Foi em uma quinta-feira nublada de lua nova que Edgard Cavalheiro e Guilherme de Almeida se
encontraram.

Não sei dizer exatamente onde isso aconteceu nem em que circunstâncias. Os únicos indícios
que possuo deste encontro são os rastros deixados pelos grandes amigos do tempo: tinta, papel
e palavras.

Sabemos que os dois não se encontraram na Casa da Colina, que recentemente tive o prazer de
visitar, pois Guilherme passou a residir nesta casa a partir de 1946. Talvez tenha sido esta a sua
noite de autógrafos, talvez tenham se encontrado por mero acaso, ou então em uma das
reuniões em que Guilherme congregava seus afetos.

Até agora não temos como saber esta informação.

O que me fez subir a Colina? Outra vez eles, os amigos da memória e do tempo: tinta, papel e
palavras. Sou uma das alunas do último curso que foi oferecido pela Casa Guilherme de Almeida
em seu espaço complementar, em atividade desde março de 2014, e que a partir deste ano
infelizmente será desativado.

Que privilégio eu tive - que privilégio eu tenho! -, de ter sido orientada por Marlene Laky a cuidar
e fazer reparos em livros da maneira correta, oferecendo-lhes toda a dignidade que eles
merecem.

Marlene em algum momento disse-nos que livros têm memória vegetal. Ela se referia ao
comportamento físico-químico do papel enquanto substância, mas isso me levou a outro lugar -
ao lugar da relação intrínseca e indissociável entre livros e árvores.

Este exemplar, livro-semente, foi plantado há 79 primaveras. Era 1944 e meu pai nem havia
nascido, mas o exato momento do encontro entre Edgard e Guilherme semearia meu futuro.

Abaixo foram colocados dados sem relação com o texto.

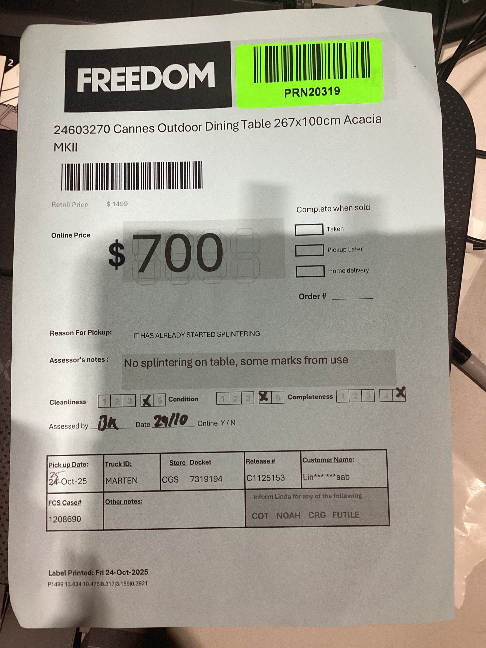 ASSESSOR NOTES: No splintering on table, some marks from use
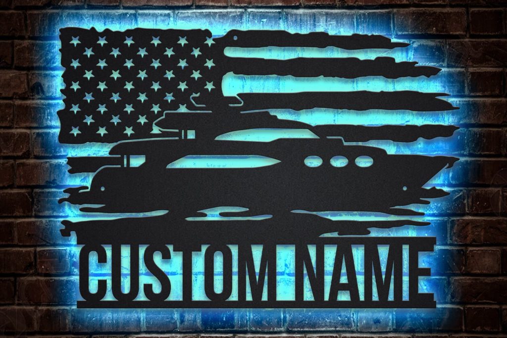 Be the first to review “Custom US Pontoon Boat Metal Sign with LED”
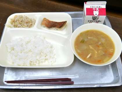 今日の献立は、赤魚のしょうゆだれかけ、豚汁、もやしのゆずの香あえ、ごはん、牛乳でした。
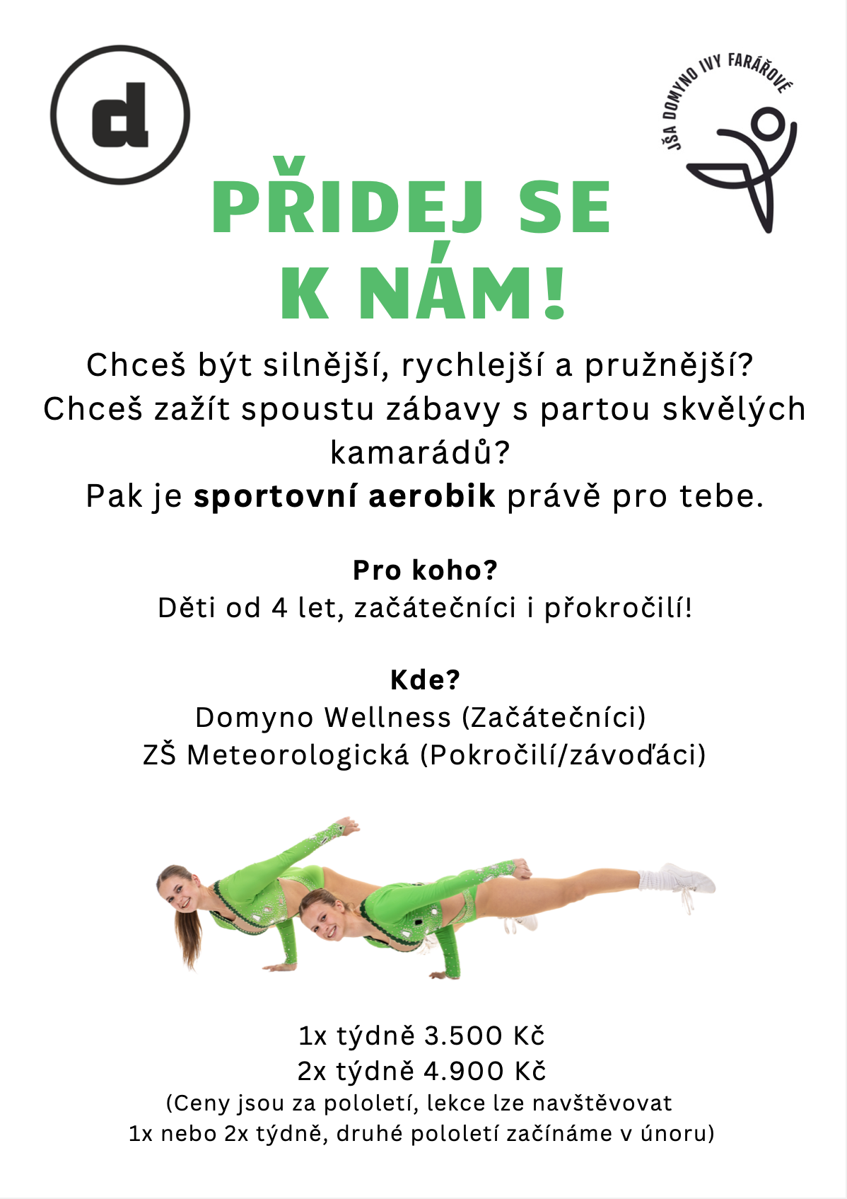 Zároveň máme otevřené i lekce aerobiku v Domyno Wellness, které jsou vedeny kroužkovou formou, tzn. 1-2 týdně bez závodů. Na těchto lekcí děti získávají skvělý sportovní základ a pokud někoho aerobik chytne a chtěl by se mu věnovat více, má možnost přestupu do závodního aerobiku.
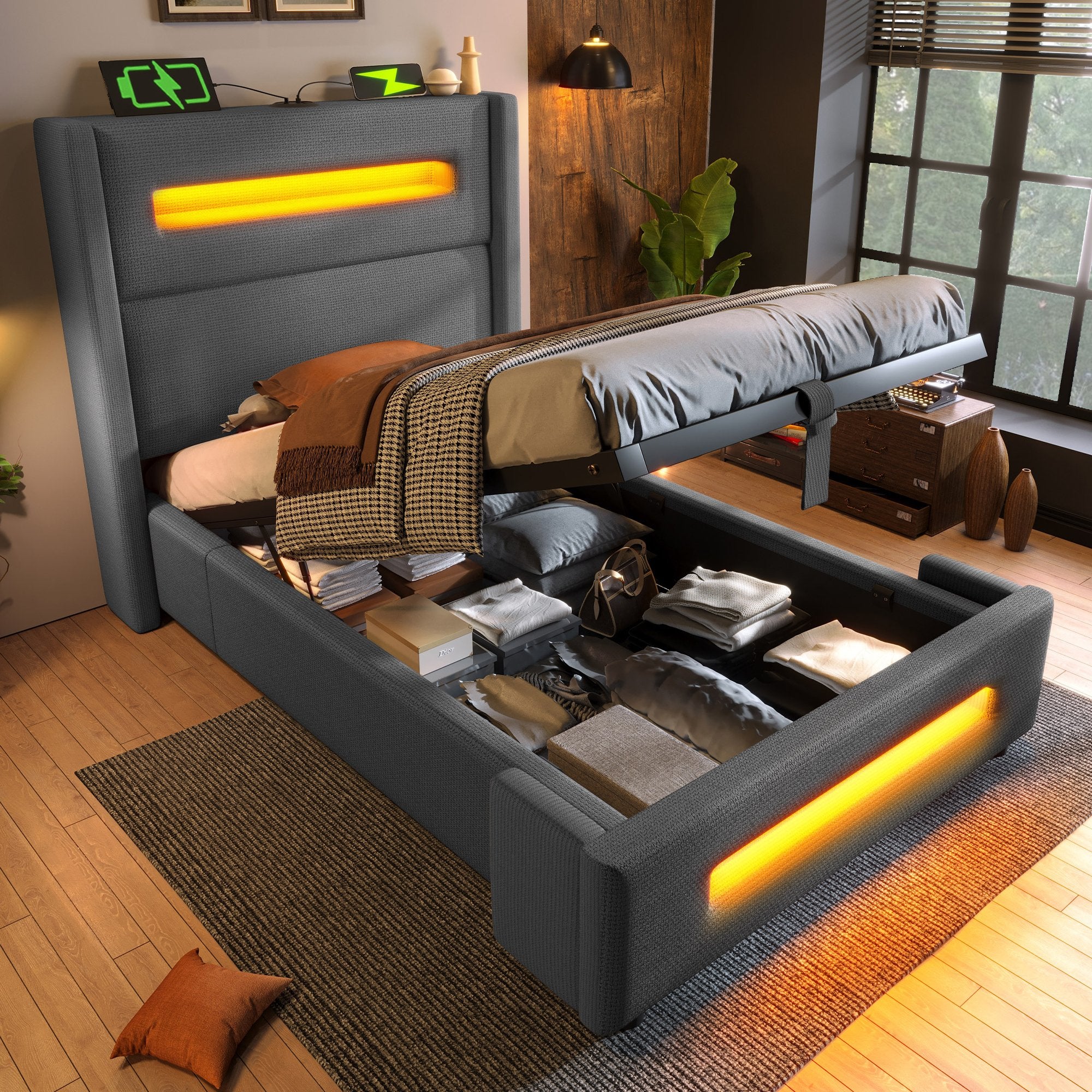 Lit Coffre Enfant 90x200 Avec Rangement - Tête De Lit Capitonnée Réglable - LED USB - Sans Matelas - Beige
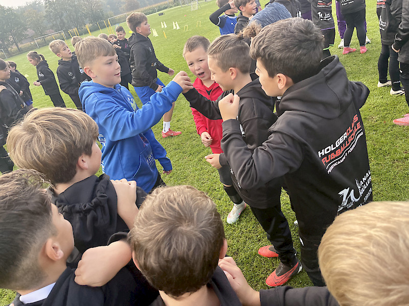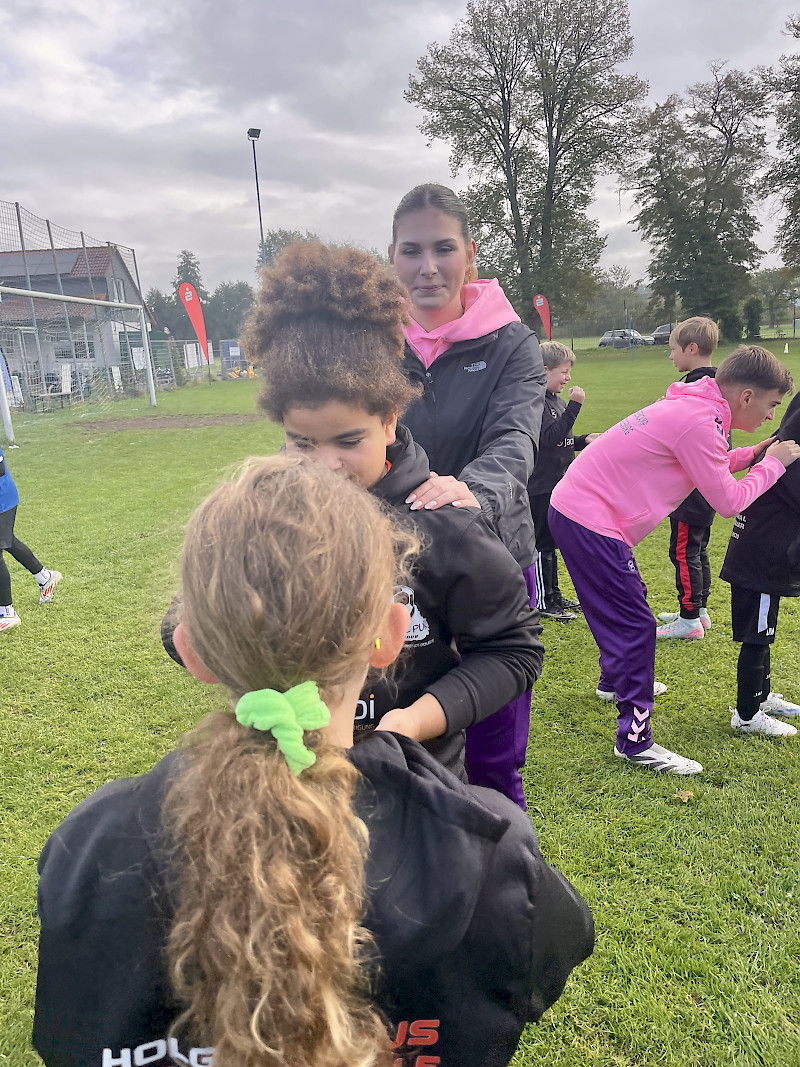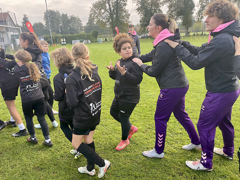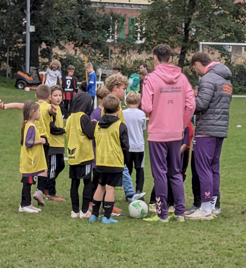 Wie auch im letzten Herbstcamp durften die in pink / lila gekleideten Trainer, die Kids mit ihren schwarzen Hoodies auf dem Platz willkommen heißen.
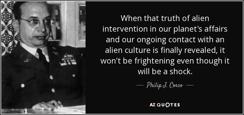 菲利普·詹姆斯·科索是一名美国陆军军官。1997 年,他出版了《罗斯威尔事件后的第二天》一书,讲述了他涉嫌参与研究 1947 年罗斯威尔事件中回收的外星技术。来源:AZ Quotes

Os dois nunca souberem disso nem sequer poderiam imaginar, e acho que esse é o exemplo
perfeito para entendermos como todas nossas ações, inclusive as mais simples, podem impactar
a vida de outra pessoa em um tempo indeterminado.

É como se nossas ações ficassem suspensas no ar reverberando, até que um dia, por algum
motivo desconhecido algo acontece, e tudo toma forma novamente voltando a ser matéria.

Quando Edgard Cavalheiro abriu a porta da sua casa e foi ao encontro de Guilherme, abriu
também uma janela - a minha janela. Saímos nós dois juntos naquele dia - quase que de braços
dados. E Guilherme, quando pôs o último ponto de tinta em sua dedicatória, estava na verdade
selando o meu destino.

Há alguns anos procurei exaustivamente um livro de Guilherme de Almeida que tivesse sido por
ele autografado. Queria presentear um grande amigo, outro Guilherme de Almeida, que recebeu
este nome de sua mãe, professora de literatura, em homenagem ao Príncipe dos Poetas.
O exemplar que parou em minhas mãos pertenceu a Edgard Cavalheiro e deveria estar reunido
aos outros tantos livros que pertenceram a ele, e que hoje estão no CEDAE/UNICAMP. O Dr. Sílvio
Tamaso D’Onofrio, biógrafo de Cavalheiro, conta a trajetória deste exemplar - no decorrer do
século XX -, no artigo que escreveu e que hoje acompanha o livro.

Meu amigo Guilherme e Sílvio, que também tornar-se-ia um grande amigo, são os maiores
responsáveis pelo meu retorno ao mundo acadêmico e literário, entre tantas outras mudanças
significativas que ocorreram em minha vida. Conhecê-los foi obra do acaso, assim como creio
seja também obra do acaso este exemplar ter parado em minhas mãos.

Hoje estou aqui onde um dia Edgard Cavalheiro e Guilherme de Almeida viveram. Ando pelas
ruas por onde andaram, sob o mesmo céu do coração pulsante do Brasil. Se pudesse dizer algo
a estes dois brasileiros com trajetórias de vida excepcionais, diria que aproveitei a oportunidade
que deixaram para mim.

Abri a janela, vi o que precisava ver, vi como tudo pode ser sempre muito mais bonito do que
ousamos sonhar, tal qual cantam os poemas ao atingirem altas voltagens líricas.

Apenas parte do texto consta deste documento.